A question of purpose and the public interest: the dividing line between how evidence is obtained and when it may be admitted
There is no rule in English law that evidence obtained illicitly or improperly is automatically rendered inadmissible. Instead, the court has a general power under CPR 32.1 to control evidence. This discretion extends to excluding evidence that would otherwise be admissible. When examining the issue in Jones v University of Warwick  EWCA Civ 151, the Court of Appeal provided guidance:
- The court must seek to give effect to the conflicting public interests involved in establishing the true position of a case versus discouraging illicit conduct in obtaining evidence.
- The weight attached to each of these interests will vary according to the circumstances.
- The court can mark its disapproval in other ways, most obviously through an adverse costs order.
The recent case of Prinse v Landmasters (Overseas) Ltd and others  EWHC 281 (Ch) illustrates this balancing exercise in action. The court had to weigh up (1) whether to admit evidence around which there were serious questions as to whether it had been obtained improperly or not, and (2) enforcing the terms of a consent order, the breach of which had come to light (and been acknowledged) as a result of this evidence.
In reaching its decision, the court placed weight on the purpose for which the evidence was deployed, namely the enforcement of a court order, and the public interest that the court has in seeing that its orders are enforced. While fully acknowledging that the court should not be seen to be condoning unacceptable practices, the court held that the balance on this occasion came down in favour of admitting the evidence.
Proceedings had been compromised by way of a consent order. Among other things, the order provided that the claimant and defendants were not to transfer or assign any property of the first and second defendant to themselves or to any company owned in part by them. The claimant submitted evidence to the court, including bank statements relating to the accounts of the second defendant and the fourth defendant’s joint account with his wife, which showed that the second defendant (through the third and fourth defendants) had paid £25,000 to the fourth defendant’s company in breach of the consent order.
The claimant applied for a declaration that the third and fourth defendants had breached the consent order and that they should repay the sum. In response, the third and fourth defendants submitted that the bank statements had been unlawfully obtained and reliance on them breached the principles of confidentiality.
Obtaining the bank statements
The defendants had been pressing for an explanation as to how the bank statements had been obtained for several months. Initially, counsel for the claimant indicated to the court that he did not have any instructions on the matter. Later in the hearing, counsel indicated, on instructions, that the bank statements had been obtained after the claimant had spoken to the relevant bank, which had freely provided the statements to him. When the court queried how this could have happened, particularly in relation to personal bank statements relating to a joint account apparently not only held by the fourth defendant but also his wife, the claimant’s explanation was that he had been accompanied by his grandfather (the father of the fourth defendant) who had asked the bank for the statements.
The court noted that the explanation provided by the claimant was not formally in evidence. It made it a condition of its order (requiring the return of the £25,000) that the explanation be set out in a witness statement verified by a statement of truth.

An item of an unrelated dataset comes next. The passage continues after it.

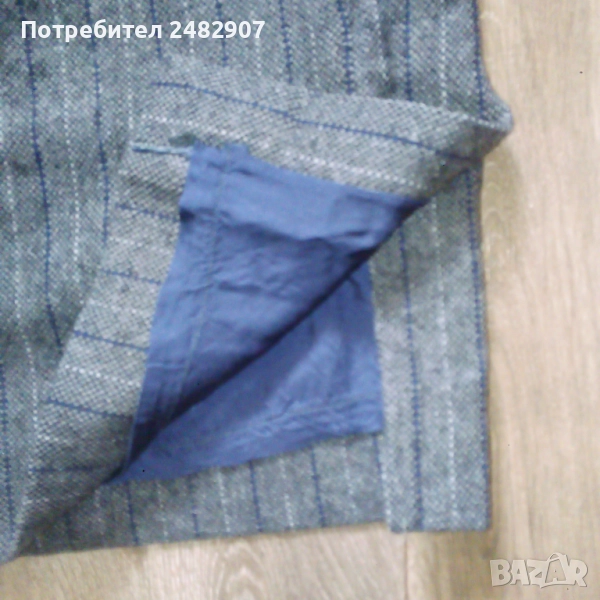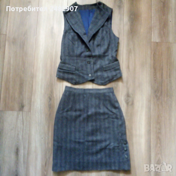 Елегантен сив дамски костюм от фин вълнен плат и подплата, размер S.

In the court’s view, there were clearly still issues around whether the bank statements were properly obtained and the lawfulness of that exercise. In particular, it observed that it would be surprising that a reputable clearing bank would be prepared to hand over bank statements merely on the say-so of the father of one of two personal account holders. Notwithstanding this, and even if it was to be assumed that the bank statements had been obtained unlawfully, the court did not consider it was appropriate to exercise its power to rule them inadmissible.
Ultimately the question whether the bank statements, which were clearly admissible in evidence (given their relevance), should be excluded as inadmissible involved the court in exercising its discretionary procedural and case management powers in accordance with the overriding objective of dealing with the case justly and at proportionate cost, bearing in mind the need to ensure that parties were on equal footing and that the application was dealt with fairly. In applying this test to the instant case:
- If the bank statements were necessary to enable the claimant to identify and articulate the breach, which was now admitted, then, clearly, he was on an unequal footing in relation to the defendants, who knew all about what had happened.

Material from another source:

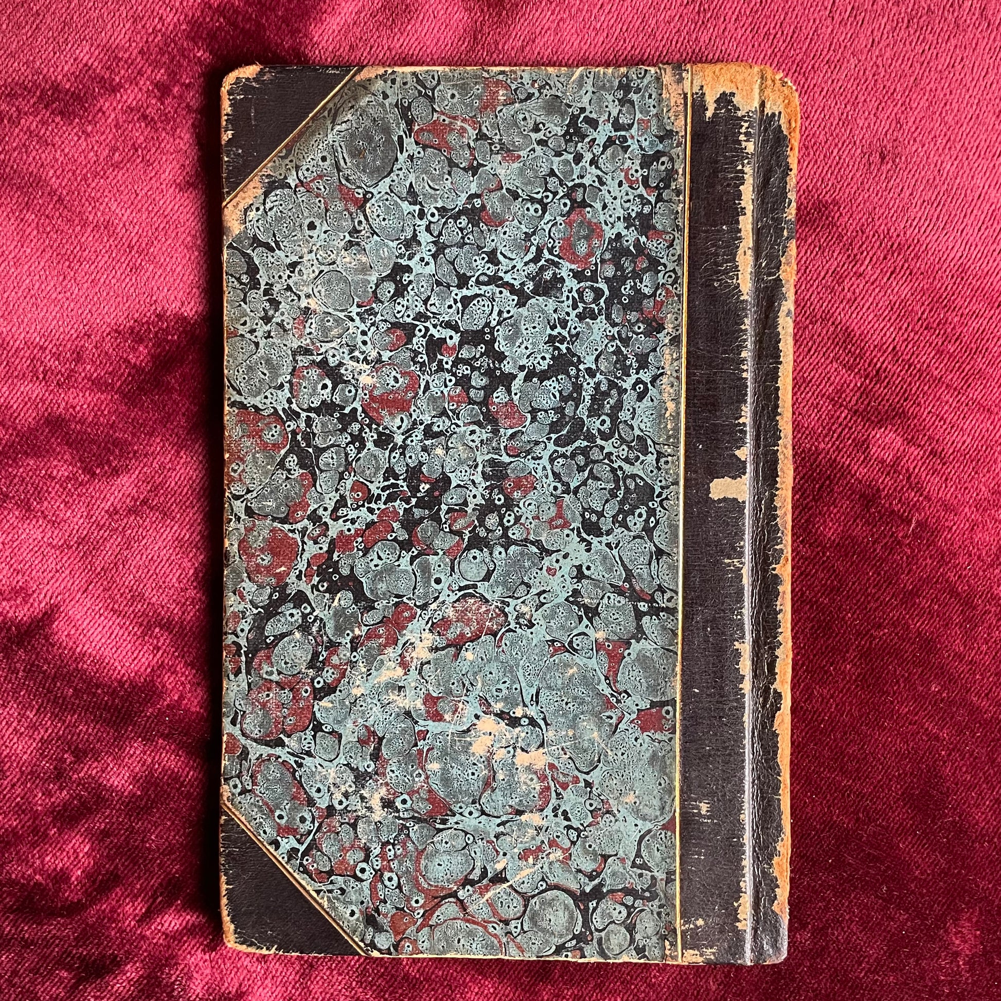 Green marbled cover boards with a leather spine. Condition is good overall with some age tanning to the pages and rubbing around the edges.

- The reason why reliance was placed on the bank statements was to identify and establish a breach of a court order.
- There was a clear public interest in such matters being placed before the court, which had a clear interest in ensuring that its orders are observed. That also was an outward-facing matter of public interest that had resonance in cases other than the instant case.
The defendants argued that the claimant was effectively relying upon its own inequitable conduct in asserting relief. However, the court observed that it could equally be said that the defendants would be seeking to avoid their own breach of a court order in seeking to exclude evidence of such breach in reliance on those bank statements. In this case, there would be an element of each side seeking to come to court with not entirely clean hands. Therefore, even if the court were to accept that the bank statements had been improperly obtained, it would not, for that reason, refuse to admit them in evidence in support of what was an admitted breach of a court order.